Other than the multi-config specification, this class preserves all semantics of
Hugging Face’s DPO trainer under the hood.
Example:
# Based on the DPO tutorial notebook; one knob has list of values
base_dpo_config = RFDPOConfig(
model_adapter_name="default",
ref_adapter_name="reference",
force_use_ref_model=False,
loss_type="sigmoid",
beta=List([0.1,0.001]),
max_prompt_length=1024,
max_completion_length=1024,
max_length=2048,
per_device_train_batch_size=2,
gradient_accumulation_steps=4,
learning_rate=5e-6,
warmup_ratio=0.1,
weight_decay=0,
lr_scheduler_type="linear",
optim="adamw_8bit",
num_train_epochs=1,
logging_strategy="steps",
logging_steps=1,
bf16=True,
save_strategy="epoch",
)
Just like for SFT, you can specify an FSDP configuration for DPO too for larger LLMs that need cross-GPU partitioning (within a machine).
Example:
# From the DPO FSDP Lite notebook
base_dpo_config_lite = RFDPOConfig(
...
fsdp="full_shard auto_wrap",
fsdp_config={
"backward_prefetch": "backward_pre",
"forward_prefetch": True,
"use_orig_params": False,
"cpu_ram_efficient_loading": True,
"offload_params": False,
"sync_module_states": True,
"min_num_params": 1000000,
"limit_all_gathers": True,
"sharding_strategy": "FULL_SHARD",
"auto_wrap_policy": "TRANSFORMER_BASED_WRAP",
"activation_checkpointing":False
}
)
RFGRPOConfig
This is a wrapper around GRPOConfig in HF TRL.
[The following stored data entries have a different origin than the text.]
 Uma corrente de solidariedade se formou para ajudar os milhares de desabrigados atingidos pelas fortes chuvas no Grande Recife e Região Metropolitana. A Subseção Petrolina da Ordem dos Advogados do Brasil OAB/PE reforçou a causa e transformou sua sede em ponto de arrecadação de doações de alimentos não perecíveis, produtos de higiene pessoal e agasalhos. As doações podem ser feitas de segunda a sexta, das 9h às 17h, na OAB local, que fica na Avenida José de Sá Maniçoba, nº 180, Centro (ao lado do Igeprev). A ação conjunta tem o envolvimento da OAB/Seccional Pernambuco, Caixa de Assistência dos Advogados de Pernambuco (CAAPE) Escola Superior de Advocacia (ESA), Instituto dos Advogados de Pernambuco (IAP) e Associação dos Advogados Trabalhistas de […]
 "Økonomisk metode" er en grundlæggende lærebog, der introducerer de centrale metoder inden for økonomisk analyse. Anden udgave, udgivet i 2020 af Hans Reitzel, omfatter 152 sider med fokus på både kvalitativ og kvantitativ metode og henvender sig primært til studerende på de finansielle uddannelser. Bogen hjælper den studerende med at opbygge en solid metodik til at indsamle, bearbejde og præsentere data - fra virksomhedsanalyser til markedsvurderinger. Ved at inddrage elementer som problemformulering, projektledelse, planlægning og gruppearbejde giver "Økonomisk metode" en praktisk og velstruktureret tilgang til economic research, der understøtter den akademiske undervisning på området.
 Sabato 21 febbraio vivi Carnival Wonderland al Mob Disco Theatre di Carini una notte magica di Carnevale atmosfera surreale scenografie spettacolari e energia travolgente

The full signature and list of arguments are available on this page.
Again, the only difference here is that the individual arguments (knobs) can be List
valued or Range valued in RFGROConfig.
That is how you can specify a base set of knob combinations from which a config group can
be produced. Also read the Multi-Config Specification page.
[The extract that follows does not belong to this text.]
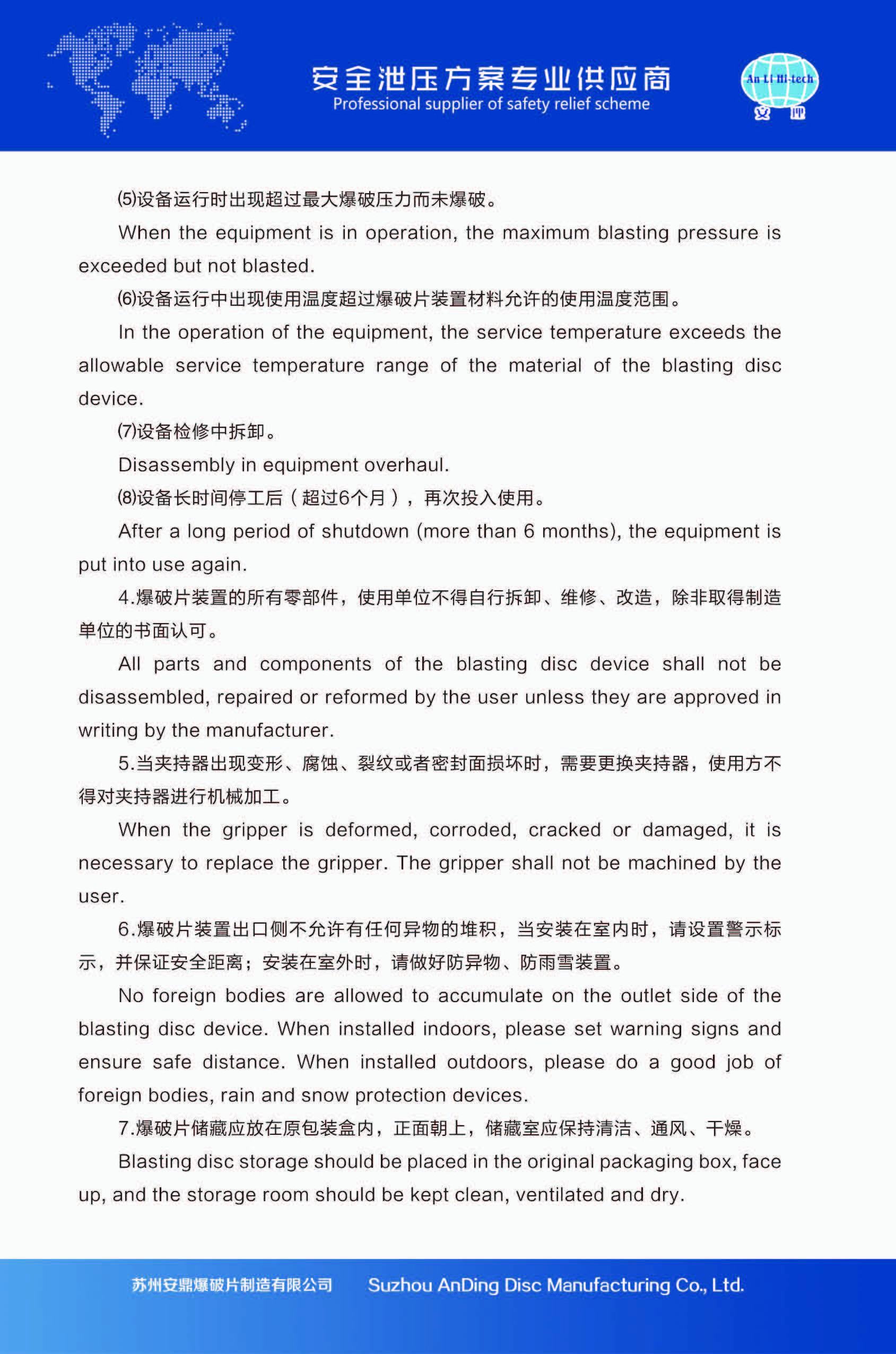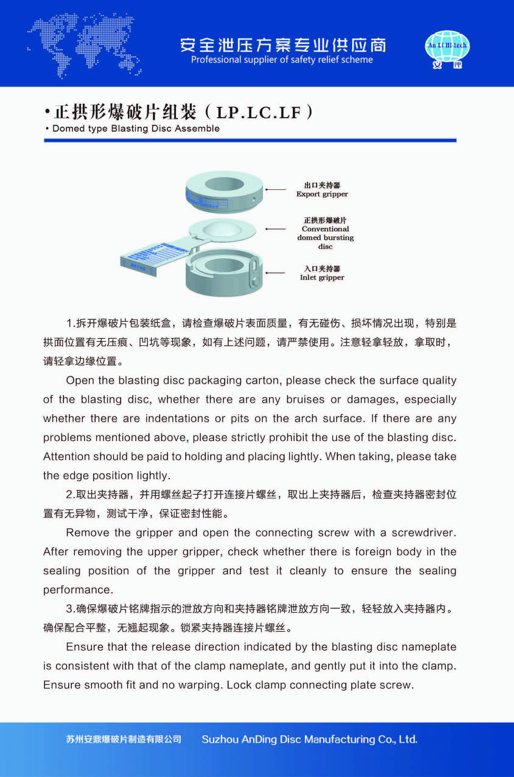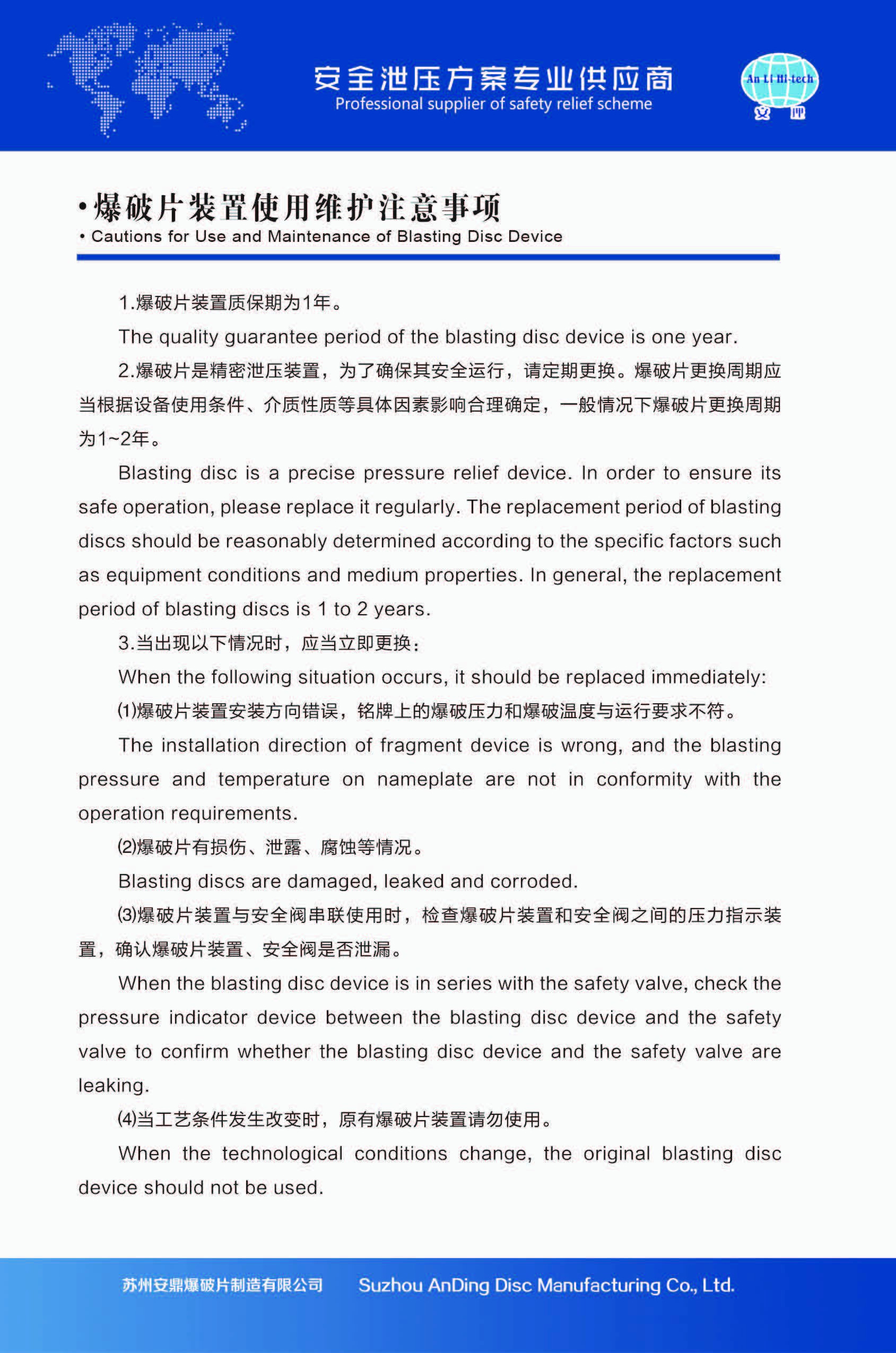 欢迎来到苏州安鼎爆破片制造有限公司网站,我们专注于爆破片装置、无焰泄放装置、隔爆阀装置等安全产品的研发、制造和销售!

Other than the multi-config specification, this class preserves all semantics of
Hugging Face’s GRPO trainer under the hood.
Example:
# Based on the GRPO tutorial notebook
RFGRPOConfig(
learning_rate=5e-6,
warmup_ratio=0.1,
weight_decay=0.1,
max_grad_norm=0.1,
adam_beta1=0.9,
adam_beta2=0.99,
lr_scheduler_type = "linear",
per_device_train_batch_size=4,
gradient_accumulation_steps=4,
num_generations=8,
optim ="adamw_8bit",
num_train_epochs=2,
max_prompt_length=1024,
max_completion_length=1024,
logging_steps=2,
eval_steps=5,
)
Note
As of this writing, out-of-the-box support for FSDP for GRPO is still in the works. Watch this space for updates.